New understanding of disability
Research has shown that medical professionals often make highly subjective decisions in advising termination of pregnancies. Activists in India have demonstrated that medical professionals currently do not have the training for a rights-based approach to disability. Diagnoses like Down syndrome and spina bifida, after all, carry no clarity as regards the kind of support the child requires. All human beings, from newborns to the elderly require some degree of support in their day to day activities. Persons with disabilities merely require a different kind of support than others.
With the current 20-week limit, expectant parents are often forced into time bound decisions immediately after their second trimester scans, with insufficient information regarding what having a child with a particular impairment actually involves. They are instead assured that the child would have a poor quality of life, reinforcing accepted notions of eugenics.

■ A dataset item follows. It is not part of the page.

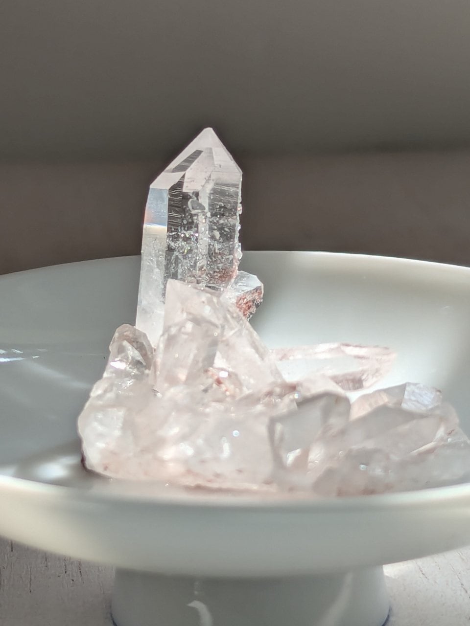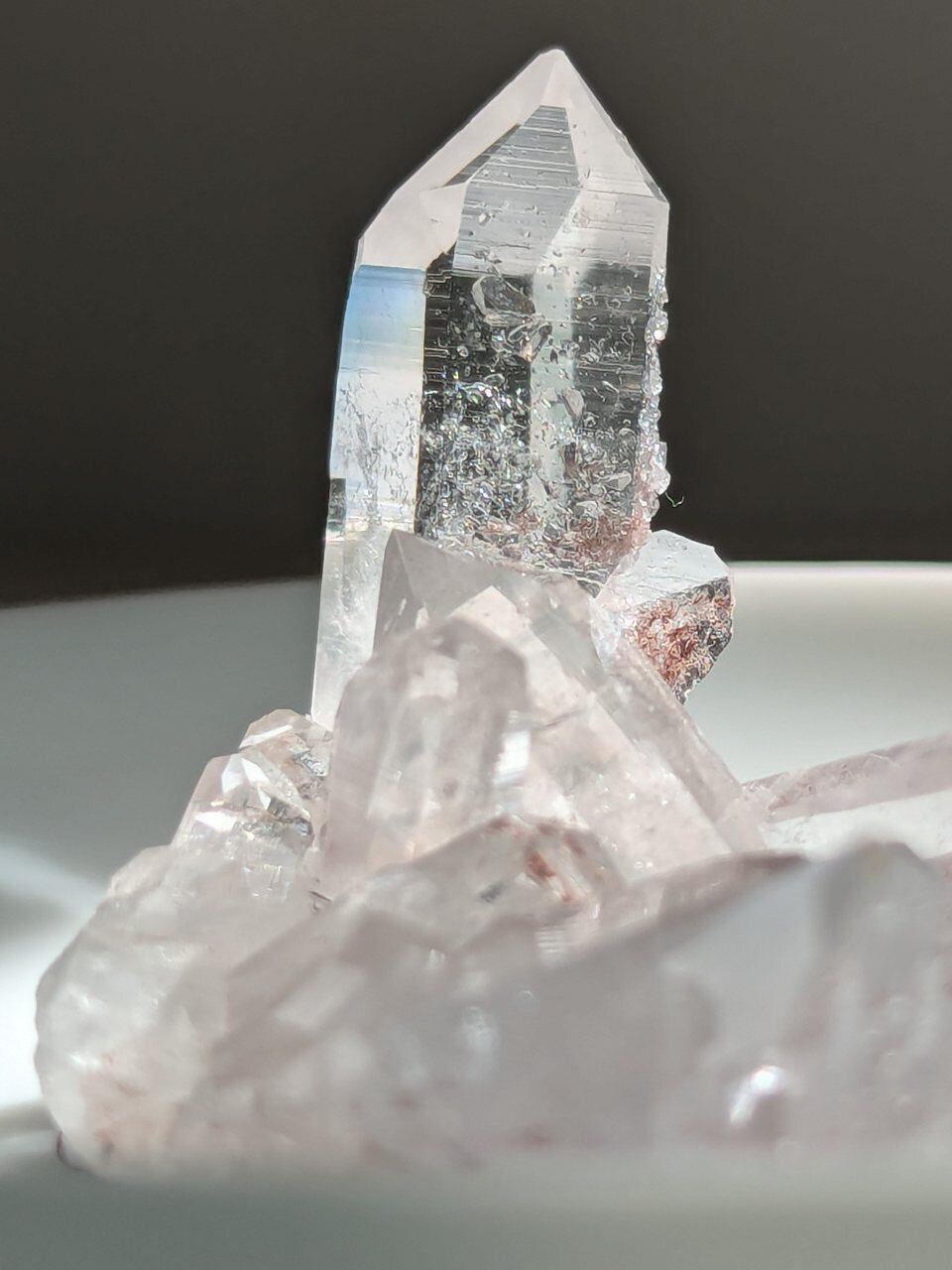 特筆すべきはこの透明度とほんのりとローズに染まる瑞々しい光のようなお姿、何年もかけて育った石ではあるものの、発見されて間もなくのこの方は新時代の産まれたての純粋な魂のような光の塊だなぁと惚れ惚れしちゃいます。おそばに飾って、煌めきの薫染いかがですか?

Sustained efforts of the disability sector have resulted in technological advancements, legislation, social protection schemes and other inclusive measures to ensure full participation of disabled people in public life. Attitudinal barriers remain, encouraged by the isolation of persons with disabilities in special schools, sheltered workshops, and long-term homes away from the community. Perhaps, we would welcome a child with a disability into our lives if we had grown up with classmates with disabilities, or seen them as mainstream characters in films, or worked alongside them, or at the very least had access to speak to them to ask if they led lives worth living. Their answers could lead to a change in the perceptions of many.
The writer is a lawyer with the Equals Centre for Promotion of Social Justice.